1. Name who can act if you cannot

Start with a Florida durable power of attorney under Chapter 709. A POA is durable only if it states it survives your incapacity, and Florida POAs are effective when signed, not springing. Grant explicit authority over banking, signing contracts, and managing the entity, because Florida requires certain “superpowers” to be initialed separately. Without this, a bank or vendor may freeze dealings the moment you are hospitalized.

2. Decide who inherits and who operates

These are two different questions. A child may inherit your LLC interest yet have no interest in running the warehouse. Your plan should separate ownership (the economic value) from management (day-to-day control). Spell out a successor manager in your operating agreement so there is no gap while the estate settles.

3. Put a buy-sell agreement in place

If you have partners, a buy-sell agreement decides what happens to your share when you die, become disabled, or exit. It can be funded with life insurance so the surviving owners have cash to buy out your family at an agreed valuation, rather than your spouse becoming an unwanted co-owner of a Miami business they cannot manage.

4. Keep the business out of probate

Florida formal administration can take months and is public. A revocable trust under Chapter 736 lets you assign your LLC or shares into the trust so control passes immediately to your successor trustee without court involvement. Coordinate this with your operating agreement, which must permit the transfer. The Florida advantage: there is no state estate or inheritance tax, so planning here is about continuity and probate avoidance, not state death taxes.

5. Align your entity documents with your estate plan

The most common Miami mistake is a clean trust that conflicts with an old operating agreement requiring partner consent to transfers. Pull both documents side by side. Update beneficiary designations on business-owned life insurance and retirement plans, since those pass outside your will entirely.

6. Protect your homestead and keep it separate

Do not pledge or title your Miami-Dade homestead inside the business. Florida’s homestead protection under Article X, Section 4 shields your primary residence from most creditors, but mixing it with business assets can erode that protection and complicate inheritance, since homestead descends under special rules if you are married or have minor children.

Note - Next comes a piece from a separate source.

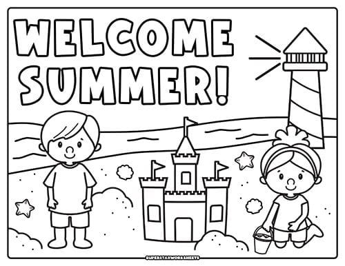 Kids love coloring beach scenes with lighthouses and sandcastles in these coloring pages summer! Use this summer coloring page as a fun welcome activity when summer break starts or as summer coloring pages printable décor for your classroom door. Looking for more FREE printable summer activities? Check out our Summer Templates!

7. Build a continuity binder

Create a single document listing bank logins, key vendor contacts, payroll provider, the location of the operating agreement, your CPA, and insurance policies. Tell your successor where it lives. A polished trust is useless if no one can find the payroll account on the first Friday after you are gone.

Talk to a Florida attorney

Business succession in Florida sits at the intersection of probate law, entity law, and tax planning, and the documents must agree with one another. Before you sign anything, consult a licensed Florida estate planning attorney who can review your operating agreement, trust, and Miami homestead together.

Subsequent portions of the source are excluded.